It's always exciting to see how different artists use the same medium, in different ways, especially wonderful pastel artists like our own, Morgan Kari, member of the Pastel Society of the Gold Coast.
Pastel Artist and Instructor Morgan Kari
I admired an awesome iPhone photo taken by Jerry Mull of his traditional fifties era 1929 Ford Hot Rod, when it was in the early morning fog at the annual Redondo Beach Pier Car Show. I knew it would make a great painting full of detail and drama.
I like to start my work by first studying my subject in person. I went to see this fabulous car which was featured in the independent movie called Deuce of Spades. It got its nickname “Challenger” because it was driven in the film by a young Hot Rodder who challenged the film’s hero to a big race.
Notes were taken on the car’s details that were obscured by shadows in the photo. I also went to the Redondo Beach Pier to take more photos. The left side background in the photo was full of large buildings that took the attention away from this car and I wanted a strong hourglass composition. I took some photos of alternate backgrounds and more close-ups of the Pier.
I like to start all my painting projects with a detailed drawing on Canson Tracing Paper. It is more transparent than most brands and I usually do multiple corrections on many layers. I use General’s Layout Pencil as it is very black but it removes easily with Staedtler plastic and stick erasers. To get the drawing correct technically, straight edges, Alvin French curves, a divider, a Truflex flexable curve, a set of Alvin ellipses, and a triangle were used.
After my preliminary drawing was finished, I found out the measurements of the space where the framed painting was going to be and then went to Fed-Ex to have it blown up to that size. I then traced it down with a Saral transfer paper on to Canson Mi-Tiennes drawing paper in “Twilight”. This color was perfect to show the background mist and influence the rest of the painting. The background was to be kept soft and purple to recede.
Before starting the pastel work I put a small amount of “Gloves in a Bottle” on my hands. This protects them from the harmful ingredients in some pastels such as the Cadmiums and Cobalt. As an added safety precaution be careful not to blow on or inhale the loose pastel dust. It’s best to dispose of it outside in a wind-free open area, by holding the painting along one edge and carefully shaking it, avoiding contact with pets, you or your clothing.
I did four layers of Unisom and Terry Ludwig soft pastels on the sky and between the first three coats sprayed Krylon Workable Fixative, leaving the top layer without protection. This was done to soak the white pastel into the dark paper, darken the color for more value range and to create a rich and smooth sky. I found it was also useful to make a sign DO NOT TOUCH ARTWORK! PASTEL WILL SMEAR!
I finished the top area first so my hand was able to rest on the clean paper in order to get the details present on the 1929 Ford. Pastel is messy and I find isolating areas keeps them clean. I use a slippery plastic see-thru notebook divider to rest on top of pastel I have worked, as it picks up less of the pastel.
It is very easy to accidently cover your detailed drawing information with opaque pastel.

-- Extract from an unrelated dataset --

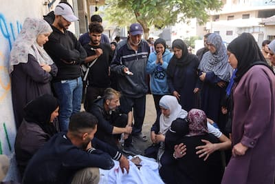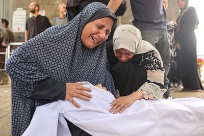 Mulheres, com os rostos cheios de dor, inclinam-se sobre pequenos corpos caídos no chão em Khan Younis, no sul da Faixa de Gaza, lamentando a morte de dois dos seus filhos durante uma nova vaga de ataques israelitas.

I am very careful not to lose this. I also put in the darkest darks and the lightest lights and make sure as much as humanly possible that they are kept clean. Rembrandt’s black and Schmincke’s white pastel was used for their strong, rich color.
In certain key areas of the car I used a very sharp Koh-I-Noor Gioconda, Stabilo CarbOthello or Faber-Castell Pitt Pastel Pencil for extreme details. These pencils do not work if you have too many layers of soft pastel. In some cases the lines were still not crisp enough, so I used a black, blue and purple Pigma Micron 05 ink pen to define small areas. If used in longer lines, it will look cartoonish. I usually brighten highlight areas with a white Sigma Uniball, then put white pastel on top to unify the look. A great help was my lighted magnifying lens, reading glasses and a steady hand. Needless to say, I kept away from caffeinated coffee!

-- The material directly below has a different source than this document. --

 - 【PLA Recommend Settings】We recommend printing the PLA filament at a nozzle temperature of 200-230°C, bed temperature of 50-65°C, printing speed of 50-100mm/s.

There is always an area that gives you trouble in a painting. My greatest stressors this time were the tires. They are not actually round, but multiple, odd eclipses. This took days to get it right. But then the Pier to the right looked great after just ten minutes of drawing and the concrete was easy as it was a beautiful abstract.
I used a dirty kneaded eraser as a detail blending tool. One side’s point is black, the other side is white. It worked better than a Tortillon which just seemed to scratch off the pastel. I like Sofft Tool’s pointed knife No.4 and my miniature Pastel Shapers which you can get from dakotapastels.com. The side of my little pinkie also did the trick.
Erasing details was no problem with Faber-Castell Perfection 1056 and Tomboy Mono Zero, from dickblick.com. Erasing the darkest spots left a stain on the paper but it was easily covered by a layer of pastel.
When the 1929 Ford Hot Rod painting was finished, it was bitter sweet to see it go. It looks great in its new cherry wood frame with museum glass on the blue painted wall in its new home. Thankfully I do have Giclee prints and cards to remind me of this both challenging and satisfying experience.